Ce scrutin en Côte d’Ivoire peut-il avoir valeur d’exemple sur le continent africain ?

Laurent Gbagbo. La Côte d’Ivoire est la deuxième économie d’Afrique de l’Ouest, après le Nigeria. Il était temps de mettre en adéquation le fonctionnement de la démocratie politique avec ses performances économiques. C’est ce que nous sommes en train de faire. Pour comprendre les épreuves traversées par ce pays, il faut remonter à la grande crise qui a frappé les matières premières dès le début des années quatre-vingt. Là se trouve l’origine de toutes ces perturbations. En 1990, la digue du parti unique s’est rompue. En 1994, la dévaluation du franc CFA a durement frappé notre économie. Vinrent ensuite le coup d’État de 1999, puis le putsch avorté de 2002 qui s’est mué en rébellion. Aujourd’hui, nous sommes en train de sortir de ce cycle de crises. Le problème, ce n’est pas Gbagbo au pouvoir ! En réalité, nous avons assisté, pendant toute cette période, à l’écroulement, sous les effets de la crise économique, du modèle néocolonial qui prévalait sous le règne de Félix Houphouët-Boigny. C’est pourquoi nous parlons de «refondation».

Si vous étiez réélu, quels seraient vos gestes pour tourner définitivement la page de la crise militaire et pour réunifier le pays ?

La priorité absolue, c’est l’emploi des jeunes. Environ 4 millions de jeunes Ivoiriens sont au chômage ou vivotent grâce au secteur informel. Sans emploi véritable, ces jeunes peuvent devenir les proies de n’importe quel démagogue prêt à leur mettre des kalachnikovs et quelques billets entre les mains pour faire naître une rébellion. C’est ce qui s’est passé non seulement dans notre pays, mais aussi au Liberia, en Sierra Leone, au sud de la Guinée.

Selon vous, la crise ivoirienne n’a donc rien à voir avec des problèmes identitaires ?

Je ne dis pas cela, mais je n’ai jamais cru que la question identitaire était au centre de cette crise et je ne le crois toujours pas. Une fois la crise engagée, il faut bien trouver des prétextes pour la justifier.

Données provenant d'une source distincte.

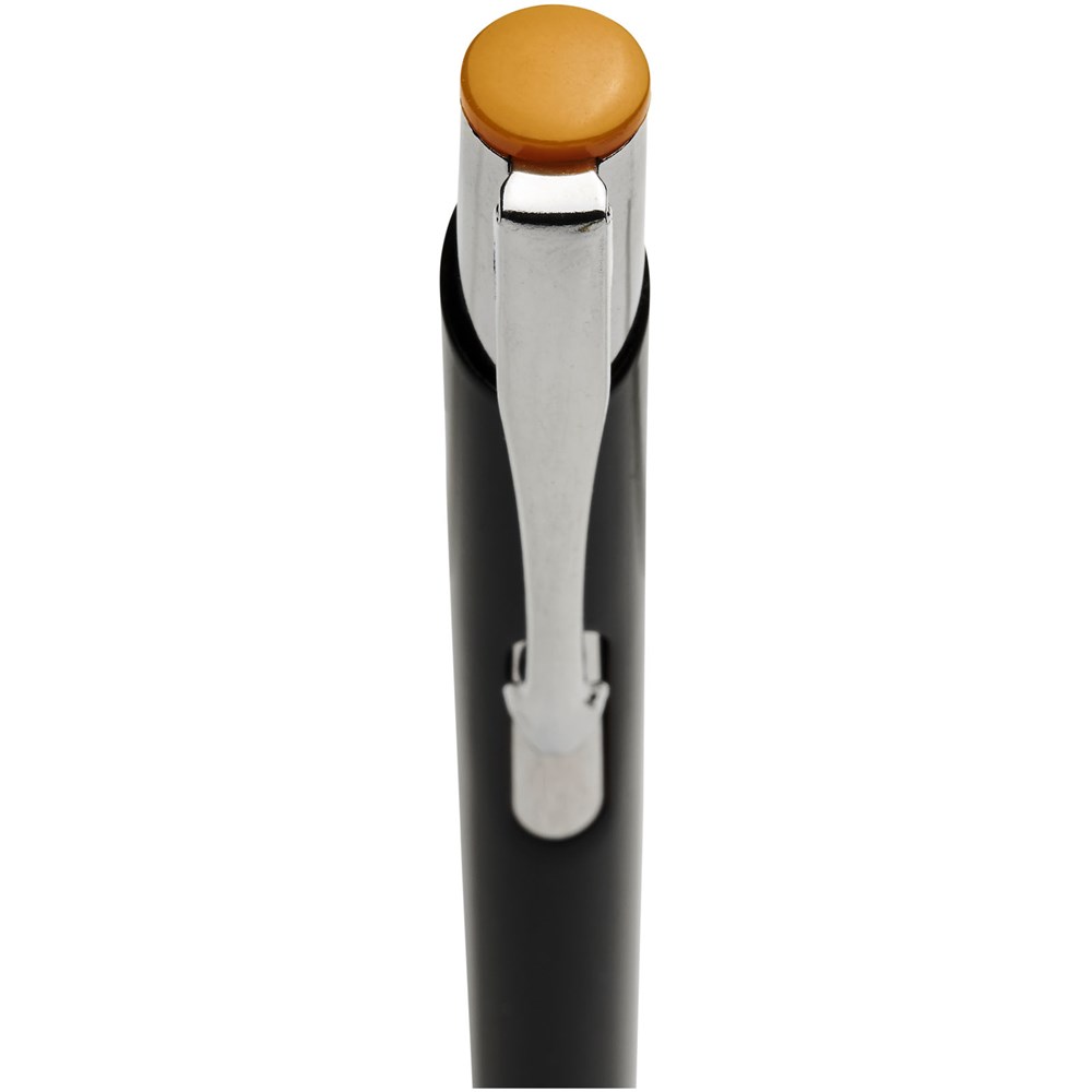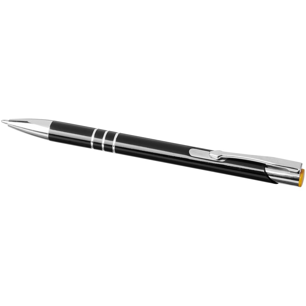 Zwarte balpen met klikmechanisme in verschillende kleuren aan de bovenkant van de pen. Bij het lasergraveren wordt de kleur eronder onthuld, zodat deze overeenkomt met de kleur aan de bovenkant van de pen. De pen heeft een metalen clip, een aluminium huls en een ABS-punt en -bovenkant. Het uitgebreide en populaire Moneta-assortiment is verkrijgbaar in vele verschillende stijlen en afwerkingen.

Il existe, effectivement, un problème identitaire. Mais je ne le crois pas assez aigu pour entraîner une guerre. Le chômage des jeunes, dans toute la région, est par contre un facteur fondamental de déstabilisation. En outre, cette rébellion s’est traduite par le pillage de ressources comme le diamant, l’or, le bois, le cacao. Il faut mettre un terme à cela, permettre un retour à la normale.

Vous serez opposé, au second tour, à un ancien cadre du Fonds monétaire international. Est-il aujourd’hui possible de résister aux diktats des institutions financières internationales?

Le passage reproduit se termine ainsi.